Feb 14, 2020

Locusts vs. Grasshoppers

There are many stories in the news lately about the deadly locust invasions, especially in Africa. Locusts belong to the same order as grasshoppers, katydids, and crickets - the Orthoptera (derived from the Greek words orthos meaning straight or rigid and ptera meaning wing).
Grasshoppers congregate in huge swarms that can do severe damage to crops. These swarming grasshoppers are called locusts. There are more than 20,000 species of grasshoppers known to science, but only about a dozen of these transform into locusts and produce damaging swarms.
Locusts and grasshoppers are the same in appearance, but locusts can exist in two different behavioral states (solitary and gregarious), and most grasshoppers do not. When the population density is low, locusts behave as individuals, much like grasshoppers. However, when locust population density is high, individuals undergo physiological and behavioral changes, known as phase polyphenism, and they form gregariously behaving swarms of adults.
In addition to changes in behavior, phase change may be accompanied by changes in body shape and color, and in fertility, physiology, and survival.

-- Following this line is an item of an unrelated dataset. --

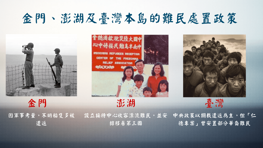 ↑圖中比較金門、澎湖及臺灣本島的難民處置政策,金門以軍事遣返為主如1987年三七事件,澎湖設立中繼收容中心安置漂流難民,臺灣本島則以遣返為主並有限度安置特定華裔難民如仁德專案。製圖/賈上萱、圖片來源/聯合報系資料照片(金門)、《彼岸他方》劇照(澎湖)

These changes are so dramatic in some species that the swarming and non-swarming forms were once considered to be different species.  The scale of population increase and migrations also distinguish those species known as locusts from grasshoppers.

Locusts are large herbivorous insects that can be serious pests of agriculture due to their ability to form dense and highly mobile swarms. They are species of short-horned grasshoppers that periodically form large populations in dense migrating groups, where individuals differ in several characteristics from those living separately. A locust has longer and stronger wings and a smaller body than a grasshopper.